Tuesday, December 8, 2009

A couple of wods on October Industrial Production

IP came in at 6.5% yoy in October, significantly above expectations of -3.0% yoy. Part of the figure reflects base-year effects, as last October had fewer working days due to Ramadan holiday. While TURKSTAT will not release seasonally-adjusted figures until the end of the moth, my own calculations bring the raw 6.0% monthly increase to 1.5-2.0% after adjusting for seasonality and working days, which is still quite an accomplishment.

Without looking at the data, one would speculate that the strong figure is due to the special consumption tax breaks working their magic, but a casual look at data reveals that the rise in IP is too broad-based across sectors.
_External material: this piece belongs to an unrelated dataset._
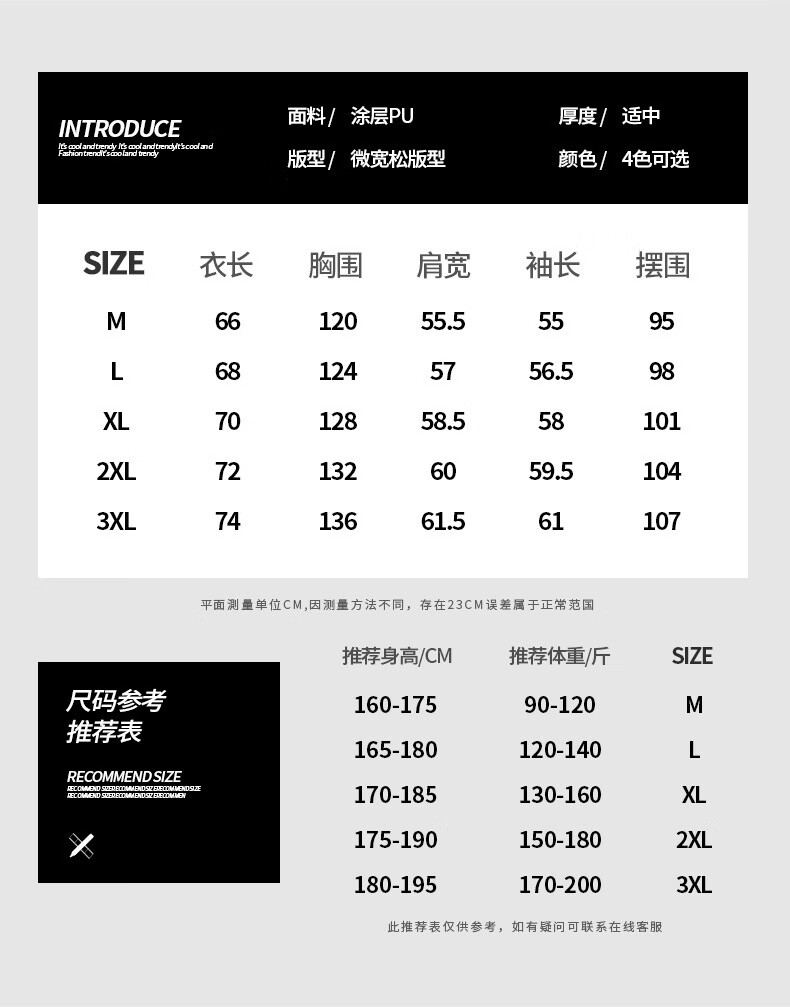 China (cm) 165 / 88-90 170 / 96-98 175 / 108-110 180 / 118-122 185 / 126-130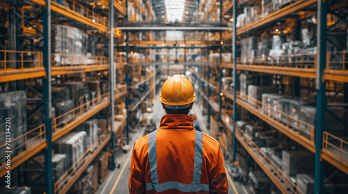 Engineer supervisor stands contemplatively with a hard hat, overseeing the busy operations of a bustling industrial facility.

It is normal for IP to rise after the destocking going on for the past few months, but such a strong rebound is rather surprising.
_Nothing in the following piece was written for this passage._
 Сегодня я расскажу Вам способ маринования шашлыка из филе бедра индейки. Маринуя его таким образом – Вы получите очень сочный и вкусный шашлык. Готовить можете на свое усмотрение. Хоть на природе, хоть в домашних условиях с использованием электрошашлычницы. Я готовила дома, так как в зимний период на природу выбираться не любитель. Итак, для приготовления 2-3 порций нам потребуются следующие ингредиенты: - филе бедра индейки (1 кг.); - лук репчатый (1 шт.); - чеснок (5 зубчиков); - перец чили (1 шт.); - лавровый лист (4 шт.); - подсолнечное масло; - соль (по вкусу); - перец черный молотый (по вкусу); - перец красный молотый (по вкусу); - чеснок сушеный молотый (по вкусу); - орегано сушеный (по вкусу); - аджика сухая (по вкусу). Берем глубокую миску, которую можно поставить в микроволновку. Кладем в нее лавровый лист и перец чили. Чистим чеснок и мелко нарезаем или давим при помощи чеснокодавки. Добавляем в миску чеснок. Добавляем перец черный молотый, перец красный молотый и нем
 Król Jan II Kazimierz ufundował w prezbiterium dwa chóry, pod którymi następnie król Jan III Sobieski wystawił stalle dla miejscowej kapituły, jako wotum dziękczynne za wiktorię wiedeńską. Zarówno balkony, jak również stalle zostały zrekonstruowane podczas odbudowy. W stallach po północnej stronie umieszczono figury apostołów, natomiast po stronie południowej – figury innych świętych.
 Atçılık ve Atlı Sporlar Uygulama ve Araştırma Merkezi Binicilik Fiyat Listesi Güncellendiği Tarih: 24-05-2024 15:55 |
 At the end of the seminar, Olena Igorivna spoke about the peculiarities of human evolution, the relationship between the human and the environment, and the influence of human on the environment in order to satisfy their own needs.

Moreover, IP is totally out of whack with other real sector indicators released earlier such as PMIs, real sector confidence and most importantly capacity utilization, which usually do a decent job of forecasting IP. That's why economists were so off the target this time around.

In sum, today's release is too good to be true, and a revision might bring it back to earth in a couple of months. In this sense, Thursday's November capacity utilization will provide a reality check- a strong reading there would make me feel more comfortable towards today's figure.